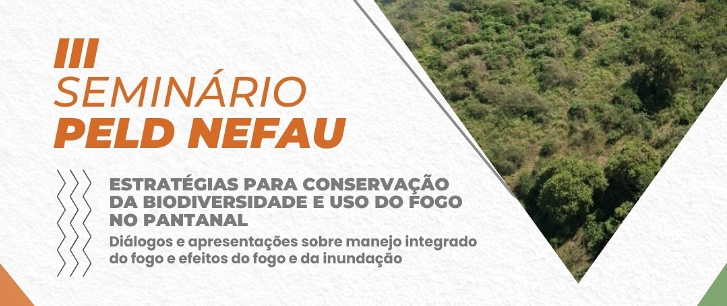 O projeto PELD NEFAU anunciou publicamente através de suas mídias de comunicação nesta terça-feira (19/11) o acontecimento da 3º edição do seminário do projeto, que tem como objetivo “apresentar resultados parciais das pesquisas, com diálogos sobre manejo integrado do fogo e efeitos do fogo e da inundação na biodiversidade pantaneira”, segundo consta na divulgação. Banner de divulgação do 3º Seminário ...
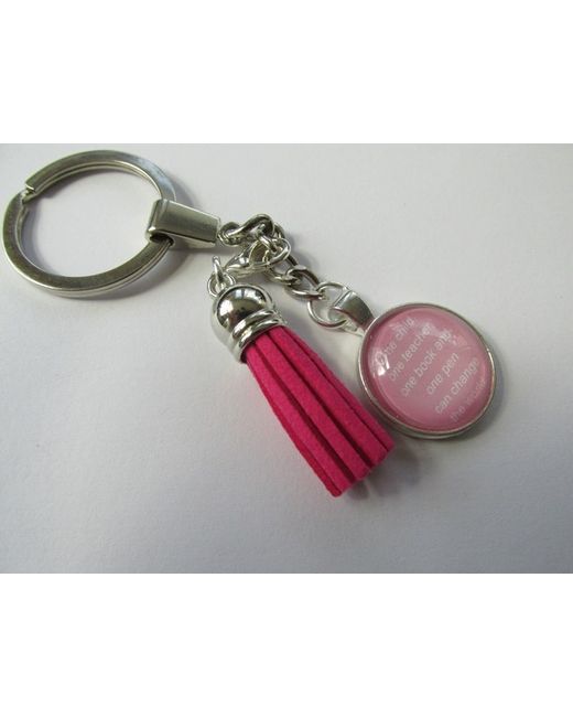 Chain Keyring. REF 12282 KEYRING. One Child - One Teacher Quote/Print. Pink Based Pendant. See Picture for Illustrations. See Text as Pictured. Unusual Pendant.
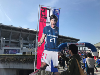毎年変わる、スタジアムに近付いて来た所に並ぶ選手たちの幟。ルヴァン杯決勝は埼玉スタジアムだったし、今季最初のホームでの観戦が最終節というのが残念だけど、一回でも来る事ができてよかった。
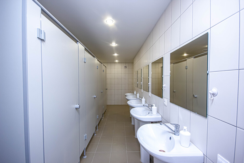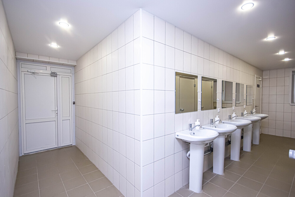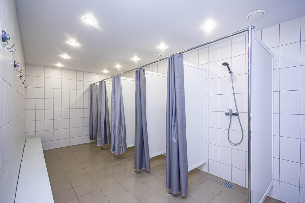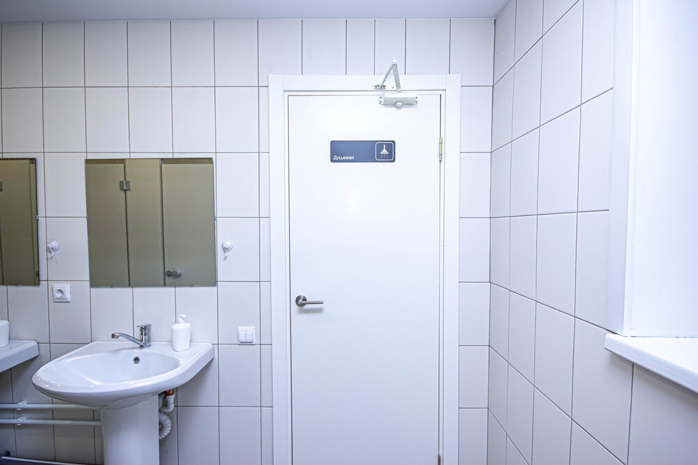 хостеле достаточное количество душевых и санузлов, новое современное
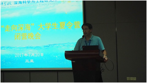 在夏令營的閉幕式上,丁抗所長做了閉幕致辭。他給同學(xué)們講述了海洋在地球上的重要地位,以及海洋科學(xué)研究對于人類發(fā)展的重要性,希望更多的有志青年學(xué)者能夠加入到深海研究的隊伍中來。最后,夏令營在營員們以精心編排的豐富多彩的晚會節(jié)目中圓滿結(jié)束。
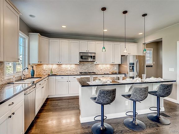 Rare location backing to Open Space, Waterfalls, Pond and Aurora Reservoir Views! Dramatic Floorplan features main floor study and den, great room with upgraded kitchen and balcony overlooking water. Giant master suite has two closets with private balcony overlooking water views, large second floor loft and laundry, two additional large bedrooms and bath. Lovely stained oak floors on main floor, stairs and second floor loft. Basement has builder-finished bedroom and bath, plus unfinished walkout basement providing 799 square feet of space for your design of the perfect media room with rough-in for wetbar, workout studio, or man-cave dream. Covered patio with backyard access, hot-tub and firepit stays! On-demand Rinnai water heater, Pellet stove, and two fireplaces with two-sided views (dining to kitchen, plus north patio to family room). Five outdoor living areas/decks and patios. Highly-ranked Cherry Creek School district includes new Altitude Elementary school. Non-motorized boats allowed (and rented at pavilion behind house), kayak and paddle board encouraged! Extensive retail, restaurant and largest King Soopers all within one mile. Aurora Southlands Mall and C-470 easy access. Enjoy Walking/Biking 8 miles of trails around Aurora reservoir, and lovely Southshore recreation center with pools, fitness room and much more included with HOA. Enjoy a 'Staycation' everyday at this truly amazing home on the water.
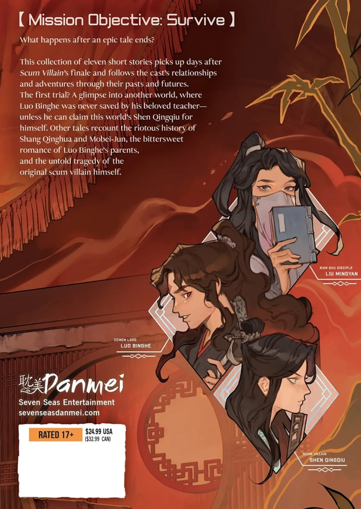This collection of eleven short stories picks up days after Scum Villain’s finale and follows the cast’s relationships and adventures through their pasts and futures. The first trial? A glimpse into another world, where Luo Binghe was never saved by his beloved teacher—unless he can claim this world’s Shen Qingqiu for himself. Other tales recount the riotous history of Shang Qinghua and Mobei-Jun, the bittersweet romance of Luo Binghe’s parents, and the untold tragedy of the original scum villain himself.
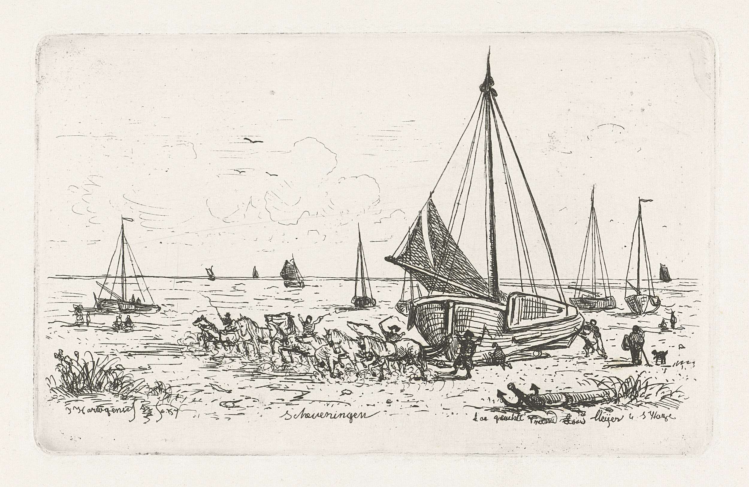 Trekpaarden bij vissersboten
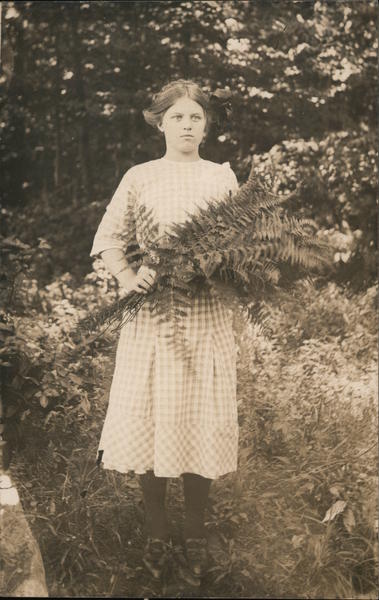 Teenage Girl with Armload of Fern Fronds
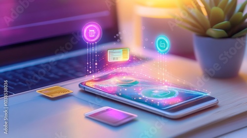 Fototapeta premium A smartphone with digital icons above it, symbolizing technology.
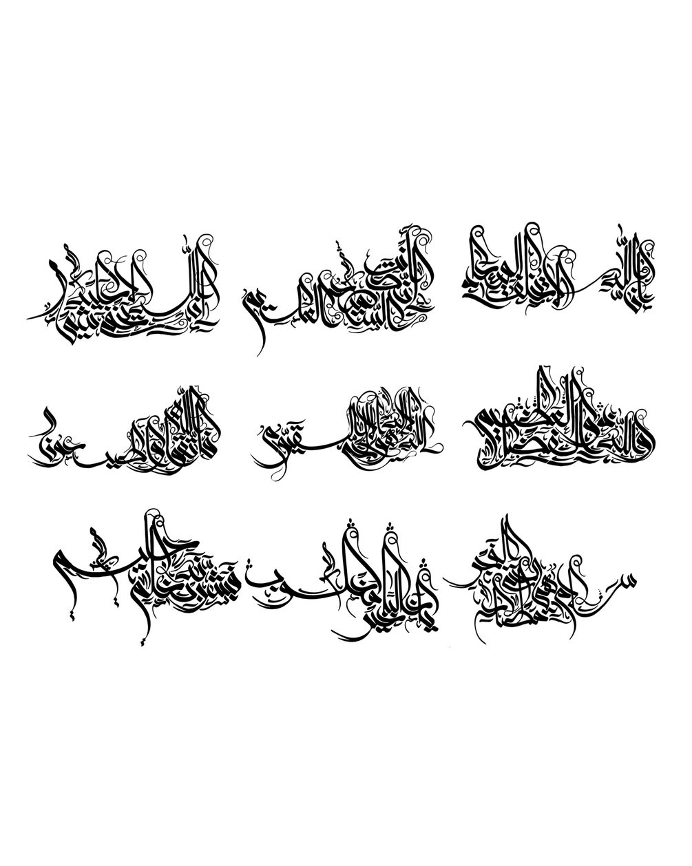 ثلاثة و عشرون تصميما إسلاميا أسود على خلفية بيضاء
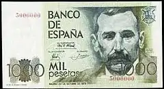| Банкноты | 1000, 2000, 5000, 10 000 песет | ||||
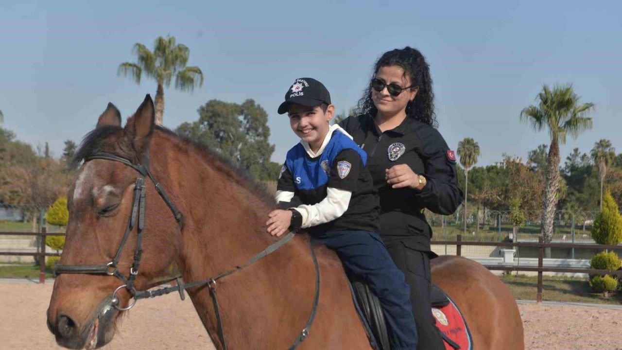 Adana’da ilkokul ikinci sınıf öğrencisi Poyraz atlı polis olma hayaliyle polisleri ve kendisini atın üzerinde çizdi. Adana polisi Poyraz’ın bu hayalini gerçeğe dönüştürerek üniforma giydirip ata bindirip unutmayacağı bir an yaşattı.
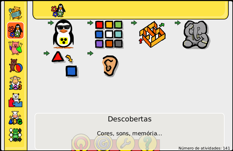 GCompris é uma suíte educacional que oferece atividades para crianças partir dos 2 anos de idade. Na versão que será apresentada aqui possui mais de 141 atividades.
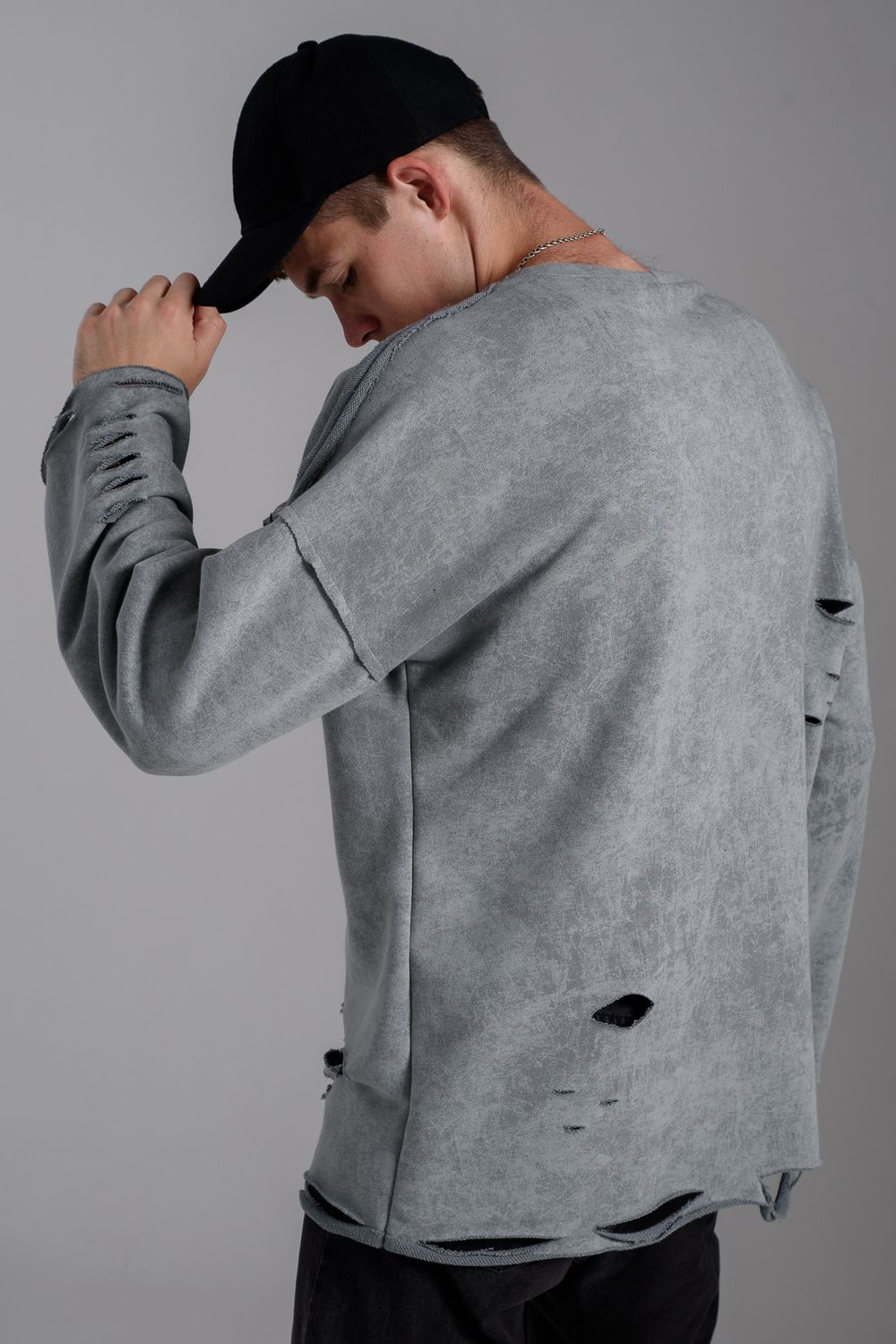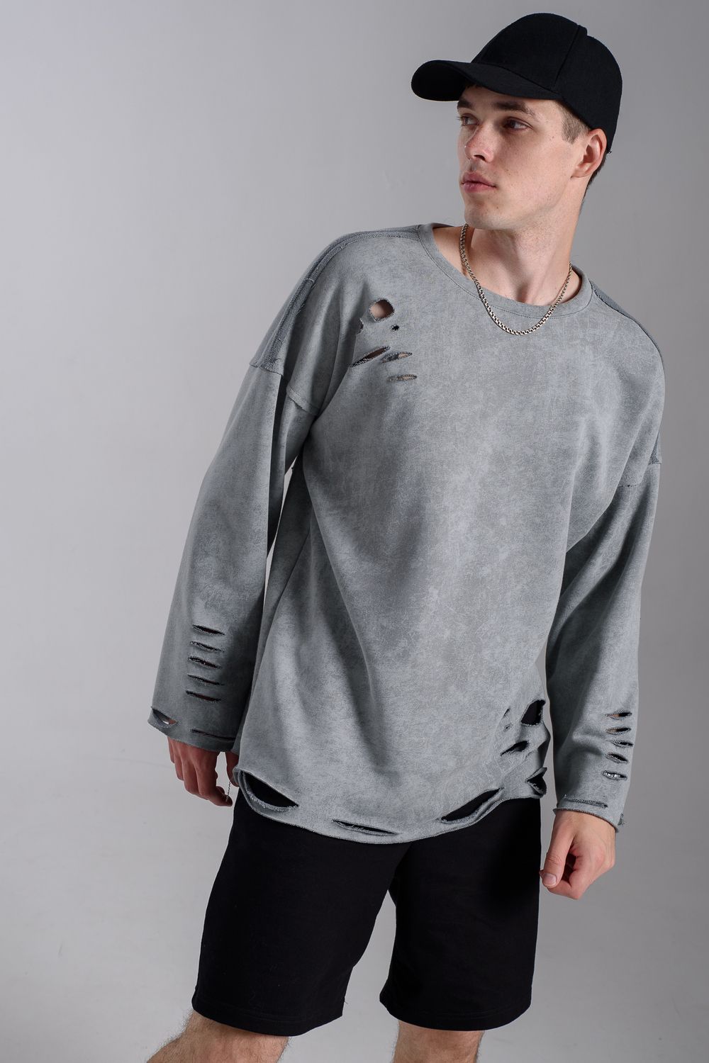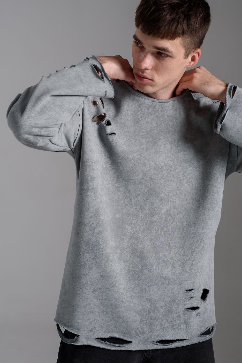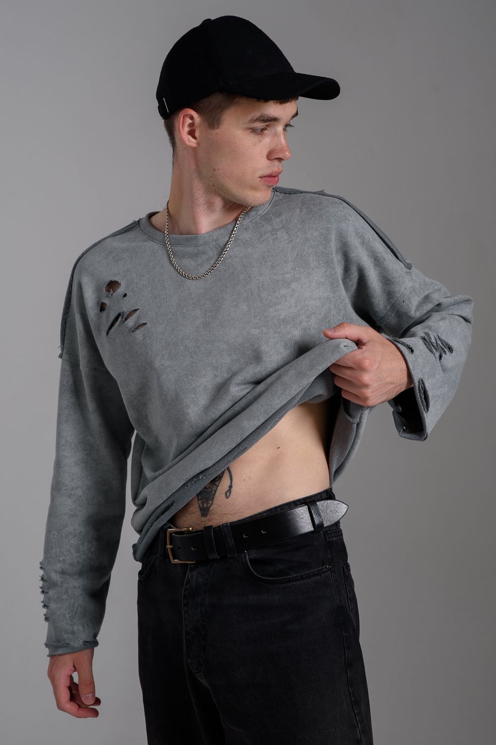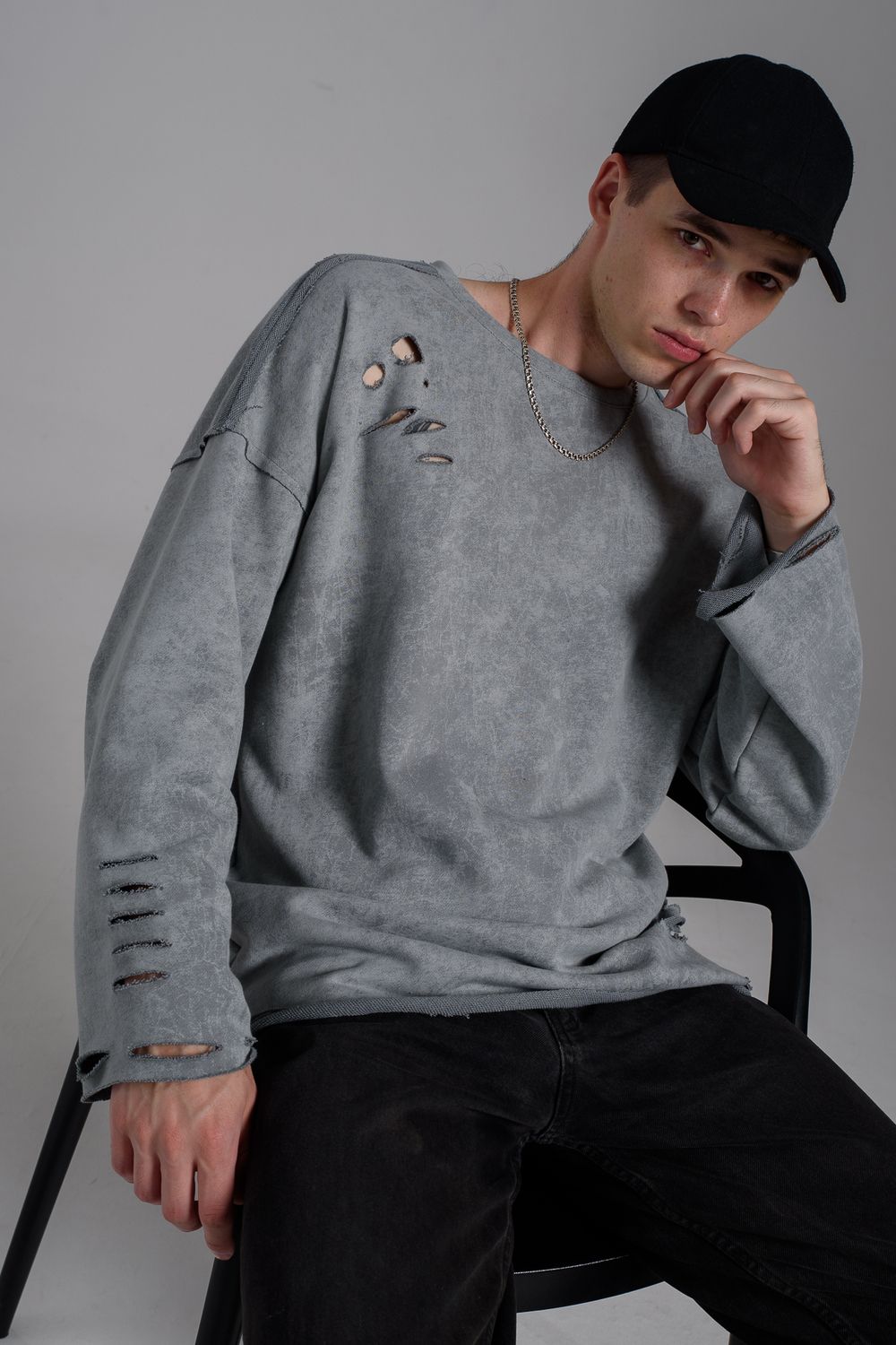 Стильный мужской свитшот в современном дизайне станет отличным дополнением к вашему гардеробу. Изготовлен из мягкого трикотажа, обеспечивает комфорт и тепло прохладными летними вечерами и осенью. Отличается характерной рваной текстурой, что придает ему необычный и оригинальный вид. Легко сочетать с другими элементами одежды. Конструкция рваного свитшота с широкими спущенными плечами и свободным кроем создает расслабленный оверсайз силуэт, что идеально подходит для кэжуал образов. Вырез горловины выполнен в классическом стиле, добавляя простоты и элегантности. Детали дизайна включают в себя необычные прорези, которые подчеркивают гранжевую эстетику. Прекрасно подойдет как для мужчин, так и для женщин, благодаря своему унисекс крою. Также будет уместен в молодежной моде и станет отличным вариантом для создания парных образов.

--

What to produce: Every record above should be written out again exactly; the pictures stay out of the copy.

Solution to this task:
 O projeto PELD NEFAU anunciou publicamente através de suas mídias de comunicação nesta terça-feira (19/11) o acontecimento da 3º edição do seminário do projeto, que tem como objetivo “apresentar resultados parciais das pesquisas, com diálogos sobre manejo integrado do fogo e efeitos do fogo e da inundação na biodiversidade pantaneira”, segundo consta na divulgação. Banner de divulgação do 3º Seminário ...
 Chain Keyring. REF 12282 KEYRING. One Child - One Teacher Quote/Print. Pink Based Pendant. See Picture for Illustrations. See Text as Pictured. Unusual Pendant.
毎年変わる、スタジアムに近付いて来た所に並ぶ選手たちの幟。ルヴァン杯決勝は埼玉スタジアムだったし、今季最初のホームでの観戦が最終節というのが残念だけど、一回でも来る事ができてよかった。
 хостеле достаточное количество душевых и санузлов, новое современное
 在夏令營的閉幕式上,丁抗所長做了閉幕致辭。他給同學(xué)們講述了海洋在地球上的重要地位,以及海洋科學(xué)研究對于人類發(fā)展的重要性,希望更多的有志青年學(xué)者能夠加入到深海研究的隊伍中來。最后,夏令營在營員們以精心編排的豐富多彩的晚會節(jié)目中圓滿結(jié)束。
 Rare location backing to Open Space, Waterfalls, Pond and Aurora Reservoir Views! Dramatic Floorplan features main floor study and den, great room with upgraded kitchen and balcony overlooking water. Giant master suite has two closets with private balcony overlooking water views, large second floor loft and laundry, two additional large bedrooms and bath. Lovely stained oak floors on main floor, stairs and second floor loft. Basement has builder-finished bedroom and bath, plus unfinished walkout basement providing 799 square feet of space for your design of the perfect media room with rough-in for wetbar, workout studio, or man-cave dream. Covered patio with backyard access, hot-tub and firepit stays! On-demand Rinnai water heater, Pellet stove, and two fireplaces with two-sided views (dining to kitchen, plus north patio to family room). Five outdoor living areas/decks and patios. Highly-ranked Cherry Creek School district includes new Altitude Elementary school. Non-motorized boats allowed (and rented at pavilion behind house), kayak and paddle board encouraged! Extensive retail, restaurant and largest King Soopers all within one mile. Aurora Southlands Mall and C-470 easy access. Enjoy Walking/Biking 8 miles of trails around Aurora reservoir, and lovely Southshore recreation center with pools, fitness room and much more included with HOA. Enjoy a 'Staycation' everyday at this truly amazing home on the water.
This collection of eleven short stories picks up days after Scum Villain’s finale and follows the cast’s relationships and adventures through their pasts and futures. The first trial? A glimpse into another world, where Luo Binghe was never saved by his beloved teacher—unless he can claim this world’s Shen Qingqiu for himself. Other tales recount the riotous history of Shang Qinghua and Mobei-Jun, the bittersweet romance of Luo Binghe’s parents, and the untold tragedy of the original scum villain himself.
 Trekpaarden bij vissersboten
 Teenage Girl with Armload of Fern Fronds
 Fototapeta premium A smartphone with digital icons above it, symbolizing technology.
 ثلاثة و عشرون تصميما إسلاميا أسود على خلفية بيضاء
| Банкноты | 1000, 2000, 5000, 10 000 песет | ||||
 Adana’da ilkokul ikinci sınıf öğrencisi Poyraz atlı polis olma hayaliyle polisleri ve kendisini atın üzerinde çizdi. Adana polisi Poyraz’ın bu hayalini gerçeğe dönüştürerek üniforma giydirip ata bindirip unutmayacağı bir an yaşattı.
 GCompris é uma suíte educacional que oferece atividades para crianças partir dos 2 anos de idade. Na versão que será apresentada aqui possui mais de 141 atividades.
 Стильный мужской свитшот в современном дизайне станет отличным дополнением к вашему гардеробу. Изготовлен из мягкого трикотажа, обеспечивает комфорт и тепло прохладными летними вечерами и осенью. Отличается характерной рваной текстурой, что придает ему необычный и оригинальный вид. Легко сочетать с другими элементами одежды. Конструкция рваного свитшота с широкими спущенными плечами и свободным кроем создает расслабленный оверсайз силуэт, что идеально подходит для кэжуал образов. Вырез горловины выполнен в классическом стиле, добавляя простоты и элегантности. Детали дизайна включают в себя необычные прорези, которые подчеркивают гранжевую эстетику. Прекрасно подойдет как для мужчин, так и для женщин, благодаря своему унисекс крою. Также будет уместен в молодежной моде и станет отличным вариантом для создания парных образов.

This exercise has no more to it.